Installation-free Usage¶
This example shows how to use the Hadoop Distributed Cache (DC) to distribute Python packages, possibly including Pydoop itself, to all cluster nodes at job launch time. This is useful in all cases where installing to each node is not feasible (e.g., lack of a shared mount point). Of course, Hadoop itself must be already installed and properly configured in all cluster nodes before you can run this.
Source code for this example is available under examples/self_contained
.
Example Application: Count Vowels¶
The example MapReduce application, vowelcount
, is rather trivial: it counts
the occurrence of each vowel in the input text. Since the point here
is to show how a structured package can be distributed and imported,
the implementation is exceedingly verbose.

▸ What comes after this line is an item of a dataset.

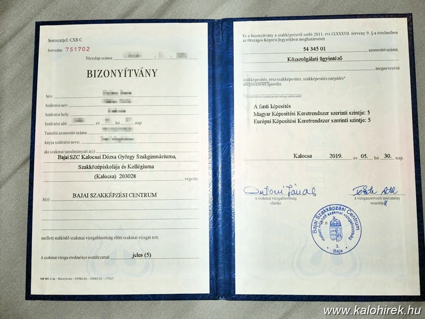 Tizenegy, a húszas éveiben járó fiatal május 30-án, szerdán ünnepélyes keretek között, érettségi, majd két év tanulás, a tegnapi szóbeli szakmai záróvizsga után vette át közszolgálati ügyintézői bizonyítványát a Bajai SZC Kalocsai Dózsa György Szakgimnáziuma, Szakközépiskolája és Kollégiuma intézményben. A Dózsában ezen a szakirányon első alkalommal végzett fiatalok az írásbeli szakmai, majd a gyakorlati vizsgát követően, szerdán háromtagú vizsgabizottság előtt adtak számot az elmúlt két év alatt megszerzett tudásukról.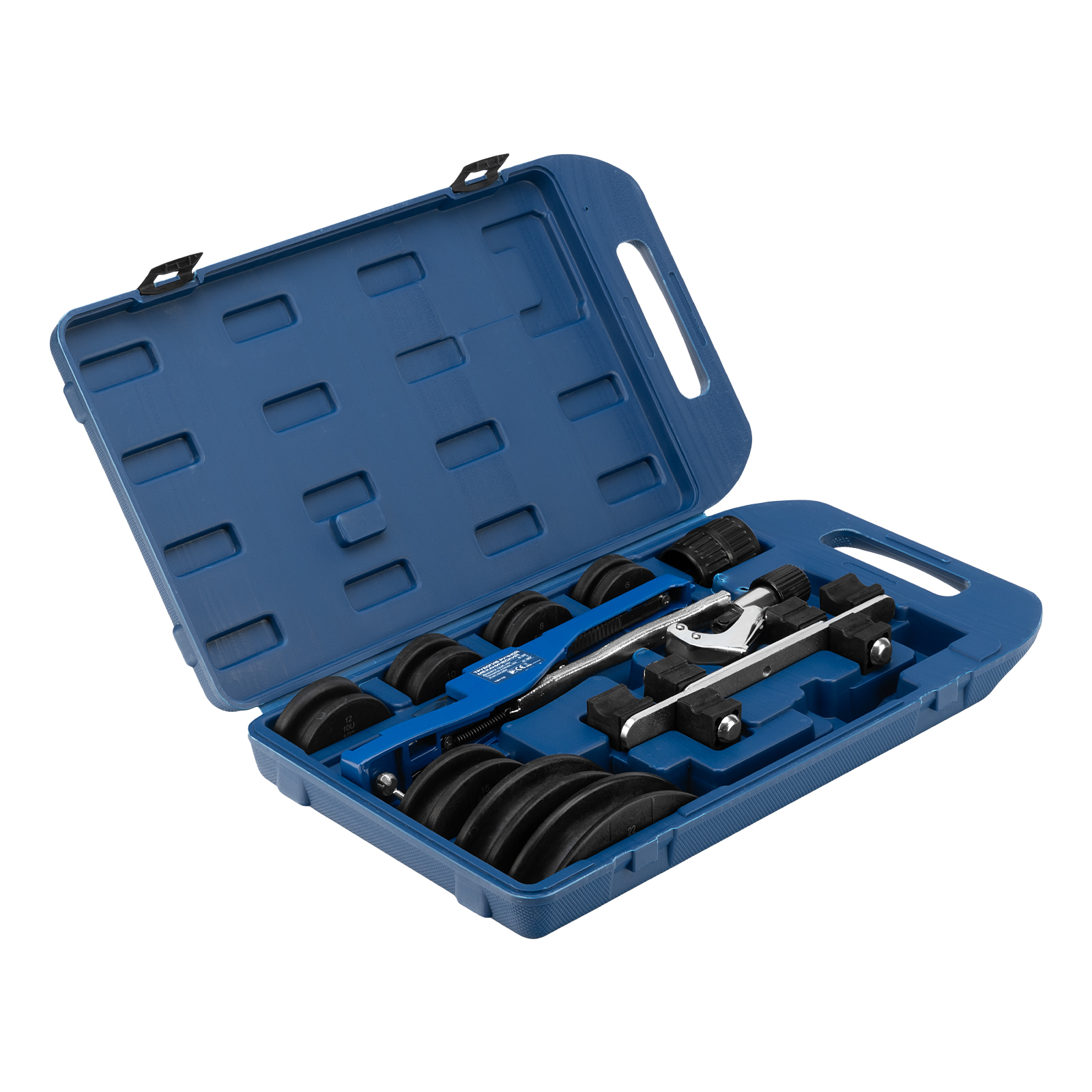 Ручной механический трубогиб Stels 18110 с башмаками 1/4"–7/8", в пластиковом кейсе, используется для установки любых типов трубопроводов. Обеспечивает точный и плавный изгиб отожженных труб из меди с покрытием и без, а также комбинированных металлопластиковых. Способен сгибать трубы под углом до 90°.

_VOWELS = set("AEIOUYaeiouy")
def is_vowel(c):
return c in _VOWELS
class Mapper(api.Mapper):
def map(self, context):
for c in context.value:
if is_vowel(c):
context.emit(c.upper(), 1)
class Reducer(api.Reducer):
def reduce(self, context):
s = sum(context.values)
context.emit(context.key, s)
How it Works¶
The DC supports automatic distribution of files and archives across the cluster at job launch time. This feature can be used to dispatch Python packages to all nodes, eliminating the need to install dependencies for your application, including Pydoop itself:
pydoop submit --upload-archive-to-cache vowelcount.tgz \
--upload-archive-to-cache pydoop.tgz [...]
The pydoop.tgz
and vowelcount.tgz
archives will be copied to
all slave nodes and unpacked; in addition, pydoop
and
vowelcount
symlinks will be created in the current working
directory of each task before it is executed. If you include in each
archive the contents of the corresponding package, they will be
available for import:
cd examples/self_contained/vowelcount
tar cfz ../vowelcount.tgz .
The archive must be in one of the formats supported by Hadoop: zip, tar or tgz.
Note
Pydoop submit automatically builds the name of the symlink that
points to the unpacked archive by stripping the last extension.
Thus, foo.tar.gz
will not work as expected, since the link will
be called foo.tar
. Always use the .tgz
extension in this
case.
The example is supposed to work with Pydoop and vowelcount not installed on the slave nodes (you do need Pydoop on the client machine used to run the example, however).